# EATADIK Training video for 18Bravo's



## 8'Duece (Mar 13, 2011)

*



* 
*CNN went deep inside  of Pineland for this special interview with the 18B Cadre of the SFQC. Enjoy !!! *


----------



## Ravage (Mar 13, 2011)

Postred like a million times there Big Brother :)
Still funny though...


----------



## Budha (Mar 13, 2011)

I saw this for the first time a few months ago! Good Stuff! Be sure to read the scrolling text at the bottom of the screen!


----------



## The91Bravo (Mar 13, 2011)

I love the crawler at the bottom..


----------



## AWP (Mar 13, 2011)

Didn't the guys who made this get in trouble? I vaguely recall something to that effect right after the video was posted on YT.


----------



## TheSiatonist (Mar 14, 2011)

LOL ... Eat a dick!


----------



## Diamondback 2/2 (Mar 14, 2011)

Freefalling said:


> Didn't the guys who made this get in trouble? I vaguely recall something to that effect right after the video was posted on YT.

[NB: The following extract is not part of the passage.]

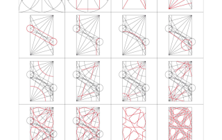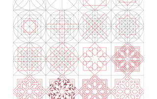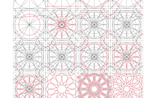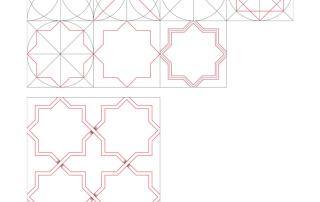 Siria (AD 1574 / AH 982) Este póster explica, paso a paso, el trazado del entrelazo curvilíneo presente en la mezquita Darwish Pasha. A partir de divisiones radiales del círculo y un rectángulo guía, las líneas y arcos (gris) van generando la característica “S” que se multiplica hasta formar una red de cintas enlazadas (rojo). Incluye una miniatura con el patrón final. Muestra con claridad todas las etapas: de la retícula a la malla orgánica definitiva. Motivo poco común dentro de la lacería: strapwork curvo con gran dinamismo visual. Proporciones fieles al método geométrico histórico. Un póster que combina rigor [...]

Not sure as to the 'if' but whoever did should have gotten in trouble... As funny as the video is, it  is a pretty damn unprofessional reflection of a group that prides themselves on being professional soldiers. No disrespect intended to the long tabbers or the cadre in the video (we played the same games when I was instructing weapons for Big Army), but if something like this was made public from my old unit we would have been in some very hot water.

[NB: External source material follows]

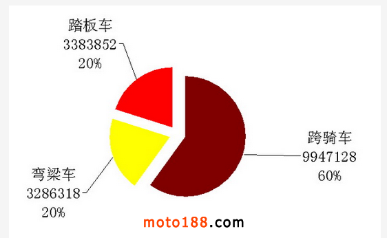 分類車型統計中,跨騎車、彎梁車下降幅度均超過10%,踏板車則獲得0.35%的微增長。同時,踏板車也首度超過彎梁車,成了第二大占比車型。
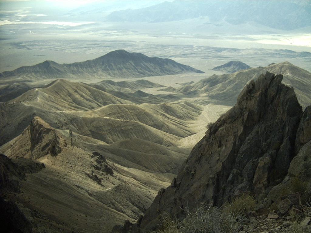 While on top I took for granted that I could see both Badwater and the -282' low point west of it, the lowest point in the western hemisphere, plus Mount Whitney, 14452', the highest point in the 48 states. Furthermore, they were not on opposite sides of me, as they would be from Telescope Peak or points north of there in the Panamint Range.

Still a funny video to watch though.


----------



## 8'Duece (Mar 14, 2011)

I honestly had never seen it before, so apoligies if it's been posted once or twice.  Saw it posted on Gary O'Neals FB page and cracked up. 

I'm surprised that CNN couldn't have had copy right infringements on the use of the logo and voice over during the intro. James Earl Jones.

Funny ?  Without a doubt !!


----------



## Marauder06 (Mar 14, 2011)

The first time I saw this was in Iraq, I was in a supposedly "serious" meeting and they rolled this... thought it was pretty funny but at the same time thought "damn I'm glad those aren't my guys" :)


----------